/---

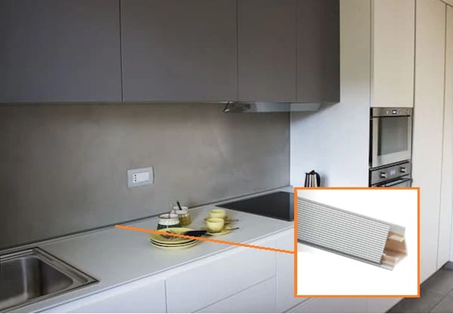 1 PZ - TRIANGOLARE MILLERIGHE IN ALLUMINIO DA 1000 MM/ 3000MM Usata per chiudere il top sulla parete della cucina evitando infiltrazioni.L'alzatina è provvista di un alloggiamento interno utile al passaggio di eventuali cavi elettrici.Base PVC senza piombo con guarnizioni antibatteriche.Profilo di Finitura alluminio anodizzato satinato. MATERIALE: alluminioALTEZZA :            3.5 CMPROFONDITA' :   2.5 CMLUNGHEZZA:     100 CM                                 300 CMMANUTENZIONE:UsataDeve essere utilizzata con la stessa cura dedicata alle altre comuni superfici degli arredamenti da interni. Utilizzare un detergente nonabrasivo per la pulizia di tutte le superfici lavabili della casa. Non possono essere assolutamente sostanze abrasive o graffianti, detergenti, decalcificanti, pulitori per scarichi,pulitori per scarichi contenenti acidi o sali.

\---
/---

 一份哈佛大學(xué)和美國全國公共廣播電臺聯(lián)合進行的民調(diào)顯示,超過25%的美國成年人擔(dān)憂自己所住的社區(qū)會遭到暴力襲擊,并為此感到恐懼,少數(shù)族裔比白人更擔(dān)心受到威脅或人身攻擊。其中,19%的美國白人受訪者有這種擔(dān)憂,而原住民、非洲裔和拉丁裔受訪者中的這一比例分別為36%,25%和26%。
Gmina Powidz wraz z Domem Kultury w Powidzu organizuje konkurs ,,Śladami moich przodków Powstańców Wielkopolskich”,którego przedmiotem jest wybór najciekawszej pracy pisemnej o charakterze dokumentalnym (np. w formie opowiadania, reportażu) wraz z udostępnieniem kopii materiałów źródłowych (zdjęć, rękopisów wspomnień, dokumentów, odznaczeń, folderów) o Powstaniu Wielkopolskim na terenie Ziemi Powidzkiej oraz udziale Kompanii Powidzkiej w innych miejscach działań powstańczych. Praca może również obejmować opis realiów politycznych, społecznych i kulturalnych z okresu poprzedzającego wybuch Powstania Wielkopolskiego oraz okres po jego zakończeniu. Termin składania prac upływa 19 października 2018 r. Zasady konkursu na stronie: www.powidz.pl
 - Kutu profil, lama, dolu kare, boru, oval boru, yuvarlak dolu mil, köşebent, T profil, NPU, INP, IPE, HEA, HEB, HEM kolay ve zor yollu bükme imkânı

\---
/---

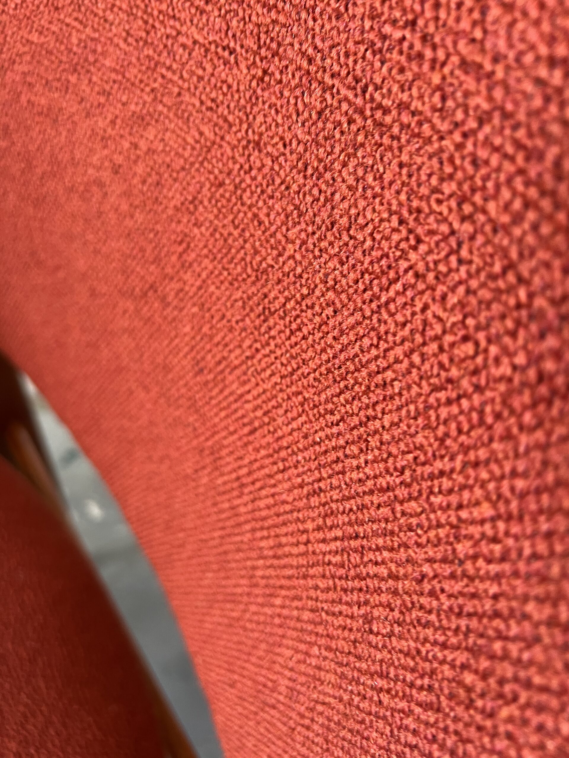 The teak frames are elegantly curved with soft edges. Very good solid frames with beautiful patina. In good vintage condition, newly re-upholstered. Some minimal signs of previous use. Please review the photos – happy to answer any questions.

\---

## Your goal
In the listing above, find the line containing "Gmina Powidz wraz" and the line containing "- Kutu profil, lama, dolu", then retype both and every line between them exactly, with nothing else.

## Finished exercise
Gmina Powidz wraz z Domem Kultury w Powidzu organizuje konkurs ,,Śladami moich przodków Powstańców Wielkopolskich”,którego przedmiotem jest wybór najciekawszej pracy pisemnej o charakterze dokumentalnym (np. w formie opowiadania, reportażu) wraz z udostępnieniem kopii materiałów źródłowych (zdjęć, rękopisów wspomnień, dokumentów, odznaczeń, folderów) o Powstaniu Wielkopolskim na terenie Ziemi Powidzkiej oraz udziale Kompanii Powidzkiej w innych miejscach działań powstańczych. Praca może również obejmować opis realiów politycznych, społecznych i kulturalnych z okresu poprzedzającego wybuch Powstania Wielkopolskiego oraz okres po jego zakończeniu. Termin składania prac upływa 19 października 2018 r. Zasady konkursu na stronie: www.powidz.pl
 - Kutu profil, lama, dolu kare, boru, oval boru, yuvarlak dolu mil, köşebent, T profil, NPU, INP, IPE, HEA, HEB, HEM kolay ve zor yollu bükme imkânı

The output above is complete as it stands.